Now let’s take one last look at our notion of ‘public.’ With the birth of democracy, and especially after the expansion of the vote to those without property, something strange happens to the word ‘public.’ Under government by the people, the government, the people it employs, and the things it owns are all referred to as ‘public.’ Public servants, public parks, public schools. Habermas highlights the oddity of this dual meaning of public. ‘Public’ can refer to either the state or to precisely that segment of the population — as in the case of public opinion — which either criticizes or acclaims the state.
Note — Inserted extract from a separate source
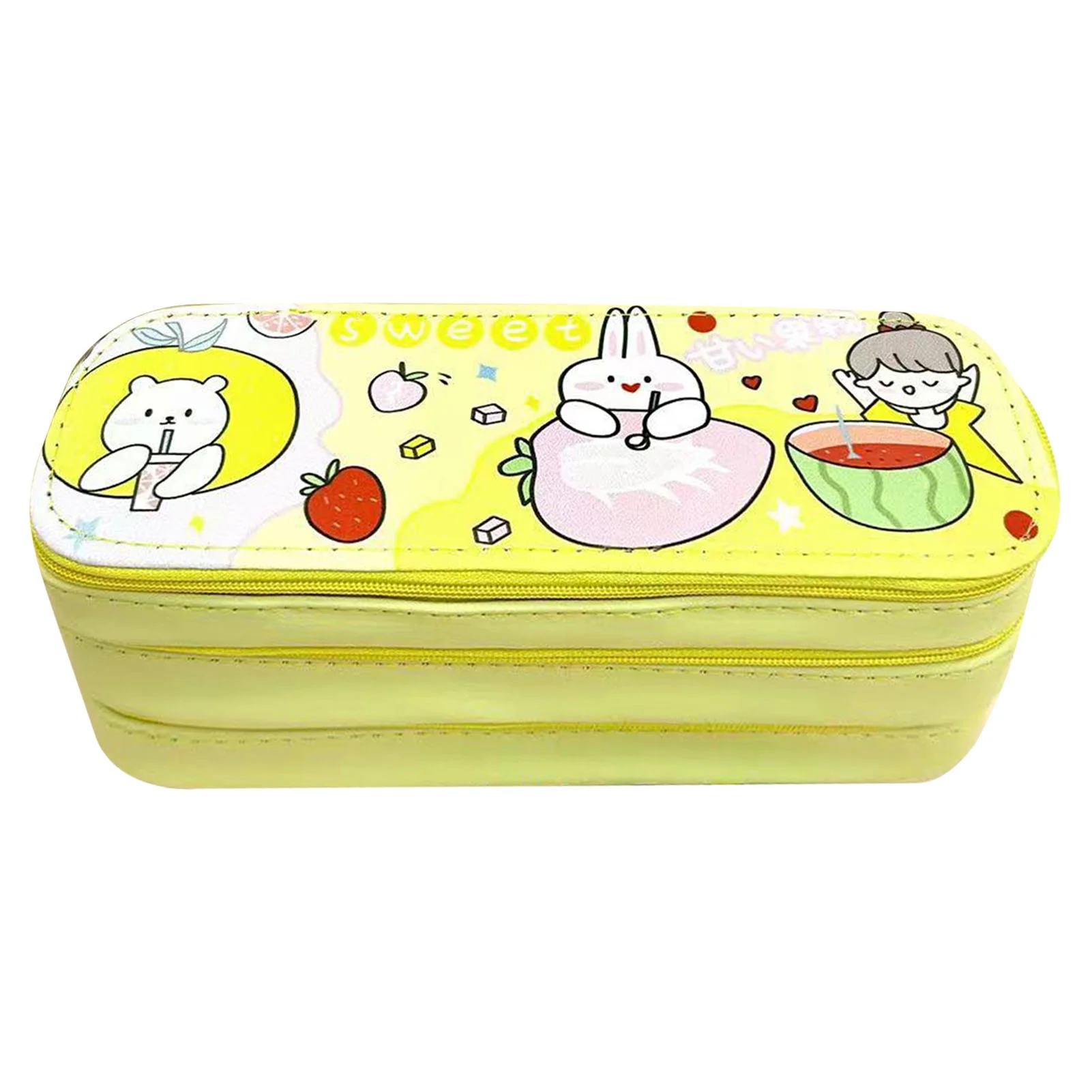 Dekaim Large Pencil Case Multipurpose Cute Stylish 3 Layers Large Capacity Pencil Pouch with Class Schedule for School Office College(Yellow) - Curated Treasures Market

It is this second meaning of public — the coming together of free individuals — that interests me and it is this distinction between two ‘publics’ that has led to the Foundation for Indoor Public Spaces’ focus on grassroots community spaces rather than community centres and public libraries. In fact, public libraries — because of their focus on silent reading — are perhaps better understood as a state-funded private space (a socialized version of the bourgeois home) than as a part of the public sphere proper.